══ INPUT MATERIAL ══

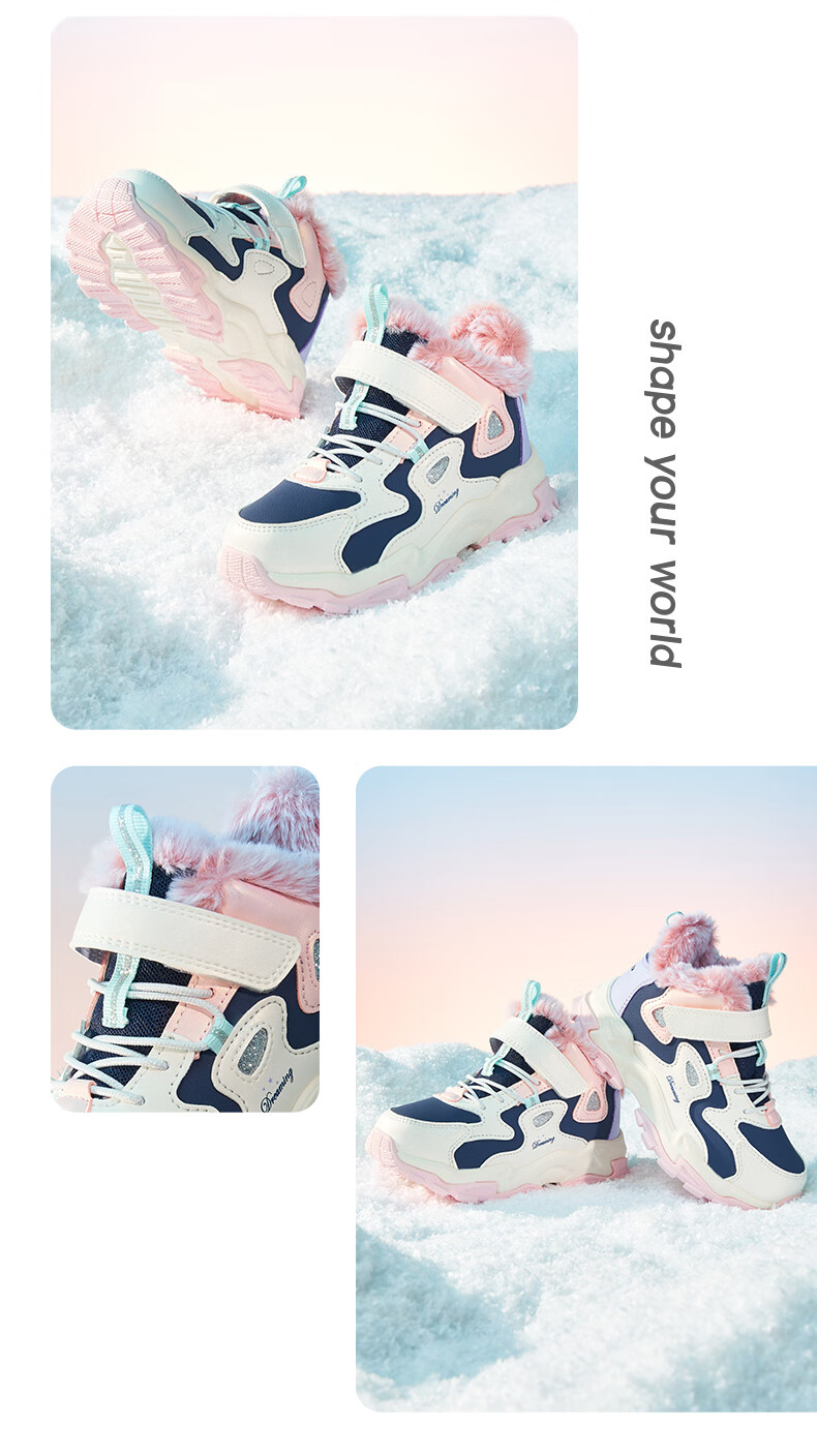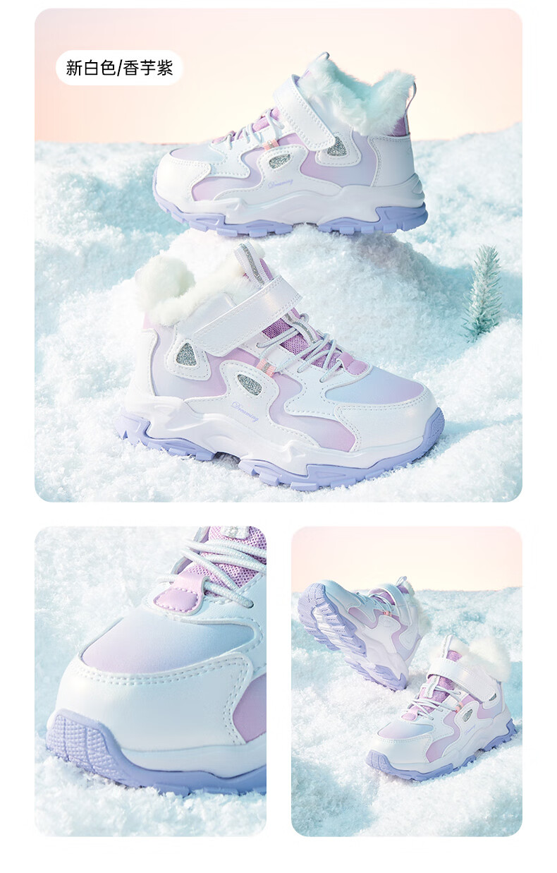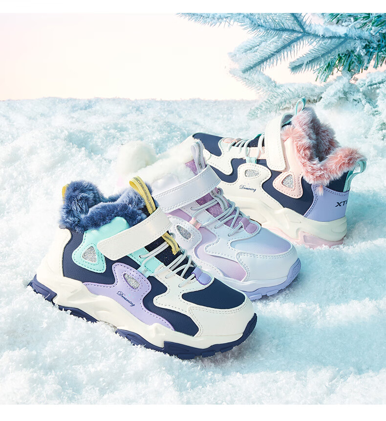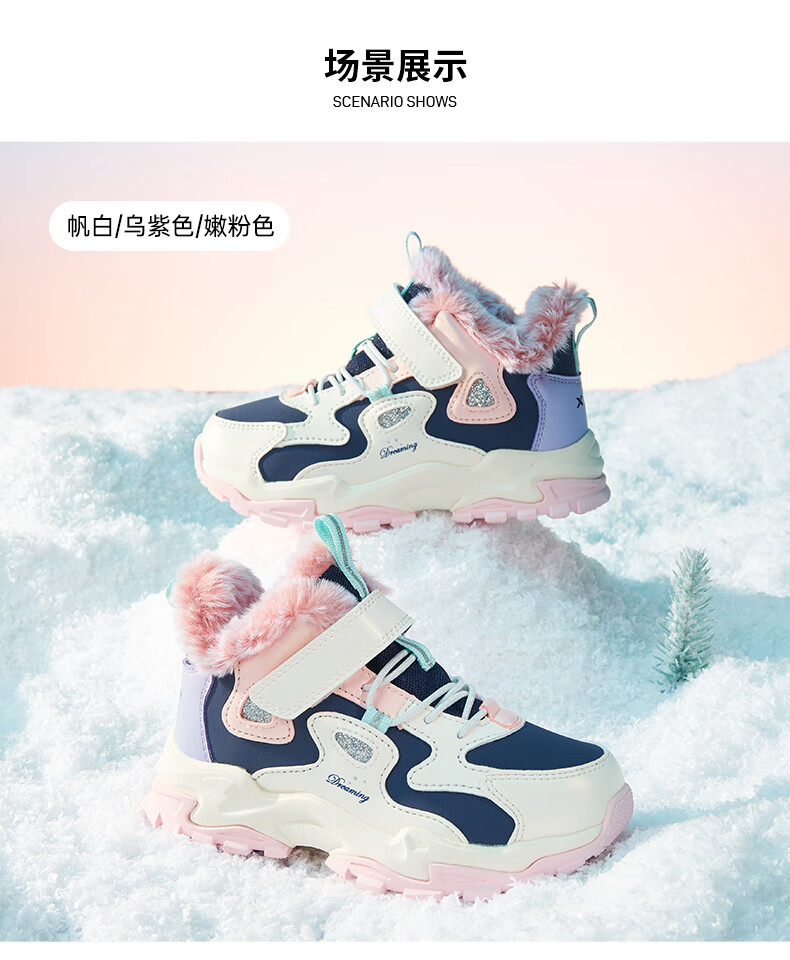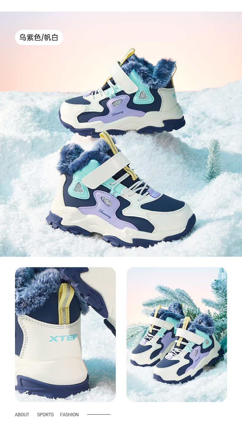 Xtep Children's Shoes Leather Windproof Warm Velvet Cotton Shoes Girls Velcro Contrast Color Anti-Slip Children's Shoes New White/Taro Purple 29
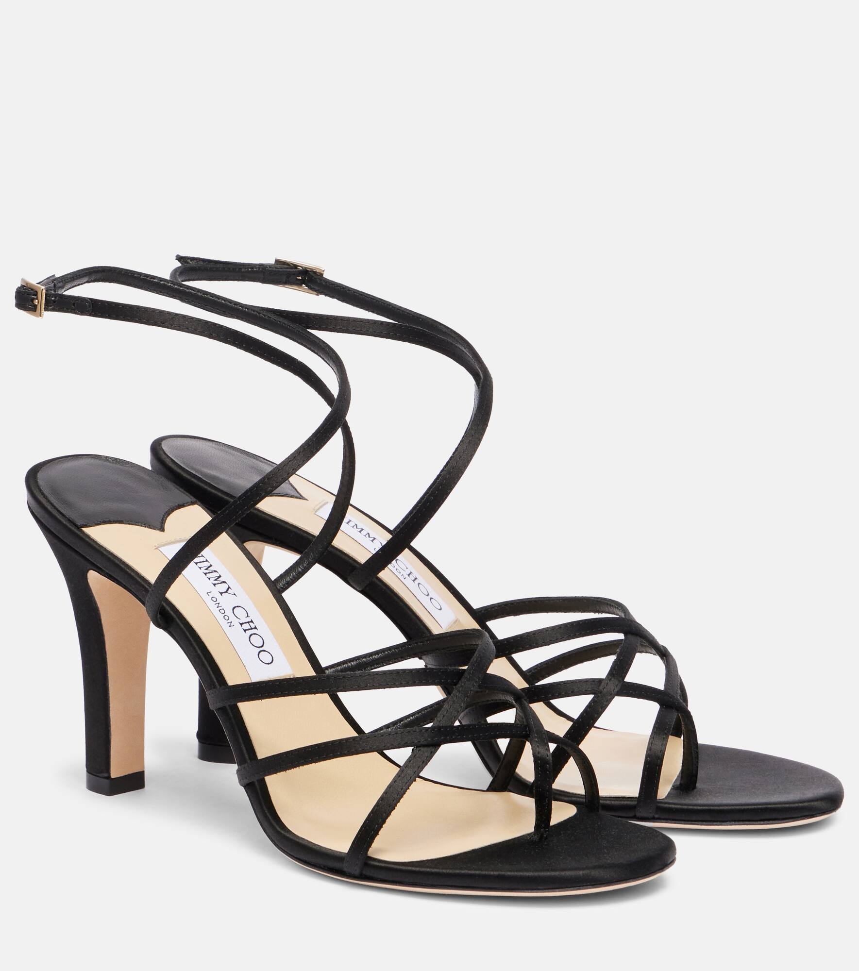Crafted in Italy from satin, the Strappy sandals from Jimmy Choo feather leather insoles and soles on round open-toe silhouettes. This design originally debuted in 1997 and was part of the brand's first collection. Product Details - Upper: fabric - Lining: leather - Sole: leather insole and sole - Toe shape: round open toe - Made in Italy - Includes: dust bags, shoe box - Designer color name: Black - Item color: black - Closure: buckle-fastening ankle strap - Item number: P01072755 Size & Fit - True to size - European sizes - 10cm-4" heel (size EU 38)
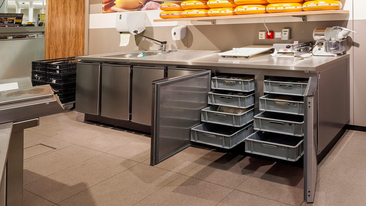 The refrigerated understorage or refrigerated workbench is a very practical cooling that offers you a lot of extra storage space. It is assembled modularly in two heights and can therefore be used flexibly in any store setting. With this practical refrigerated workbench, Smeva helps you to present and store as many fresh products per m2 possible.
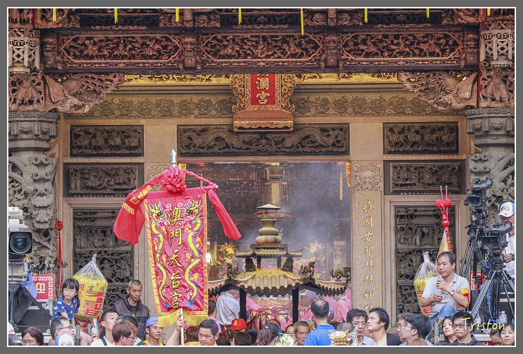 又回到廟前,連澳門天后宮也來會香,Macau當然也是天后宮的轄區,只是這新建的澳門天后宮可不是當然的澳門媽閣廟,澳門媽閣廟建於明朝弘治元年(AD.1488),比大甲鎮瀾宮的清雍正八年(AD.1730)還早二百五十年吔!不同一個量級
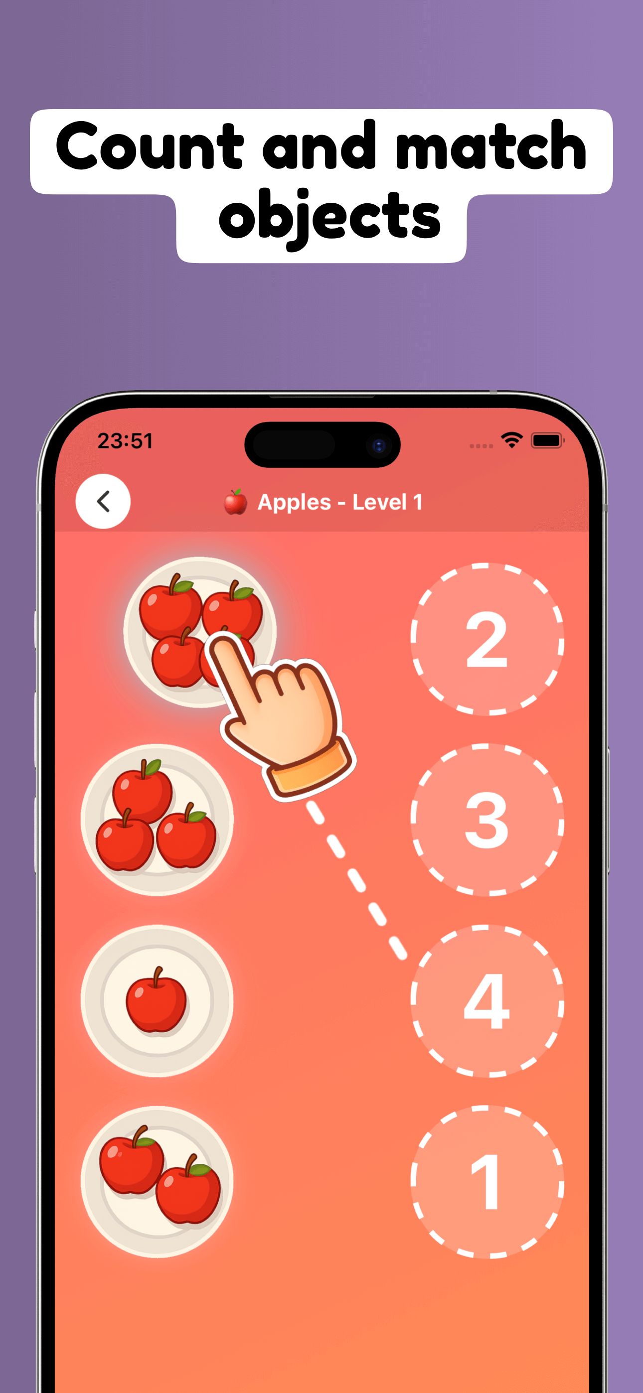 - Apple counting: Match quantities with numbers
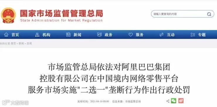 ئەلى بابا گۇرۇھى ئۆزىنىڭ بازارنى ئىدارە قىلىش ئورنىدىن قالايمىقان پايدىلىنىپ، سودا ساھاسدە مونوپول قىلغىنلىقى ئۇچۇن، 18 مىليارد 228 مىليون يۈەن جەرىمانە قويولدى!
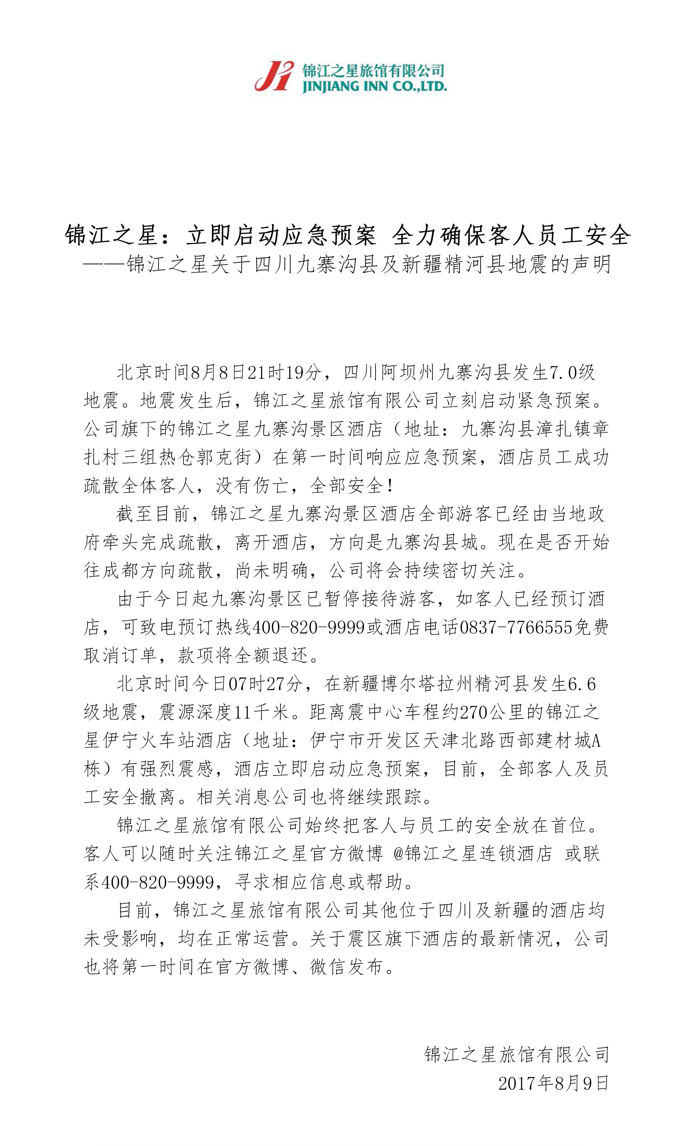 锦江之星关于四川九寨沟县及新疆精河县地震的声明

═══

AIM OF THE EXERCISE: Transcribe the records verbatim and omit the images.

RESPONSE FOR THIS EXERCISE:
 Xtep Children's Shoes Leather Windproof Warm Velvet Cotton Shoes Girls Velcro Contrast Color Anti-Slip Children's Shoes New White/Taro Purple 29
Crafted in Italy from satin, the Strappy sandals from Jimmy Choo feather leather insoles and soles on round open-toe silhouettes. This design originally debuted in 1997 and was part of the brand's first collection. Product Details - Upper: fabric - Lining: leather - Sole: leather insole and sole - Toe shape: round open toe - Made in Italy - Includes: dust bags, shoe box - Designer color name: Black - Item color: black - Closure: buckle-fastening ankle strap - Item number: P01072755 Size & Fit - True to size - European sizes - 10cm-4" heel (size EU 38)
 The refrigerated understorage or refrigerated workbench is a very practical cooling that offers you a lot of extra storage space. It is assembled modularly in two heights and can therefore be used flexibly in any store setting. With this practical refrigerated workbench, Smeva helps you to present and store as many fresh products per m2 possible.
 又回到廟前,連澳門天后宮也來會香,Macau當然也是天后宮的轄區,只是這新建的澳門天后宮可不是當然的澳門媽閣廟,澳門媽閣廟建於明朝弘治元年(AD.1488),比大甲鎮瀾宮的清雍正八年(AD.1730)還早二百五十年吔!不同一個量級
 - Apple counting: Match quantities with numbers
 ئەلى بابا گۇرۇھى ئۆزىنىڭ بازارنى ئىدارە قىلىش ئورنىدىن قالايمىقان پايدىلىنىپ، سودا ساھاسدە مونوپول قىلغىنلىقى ئۇچۇن، 18 مىليارد 228 مىليون يۈەن جەرىمانە قويولدى!
 锦江之星关于四川九寨沟县及新疆精河县地震的声明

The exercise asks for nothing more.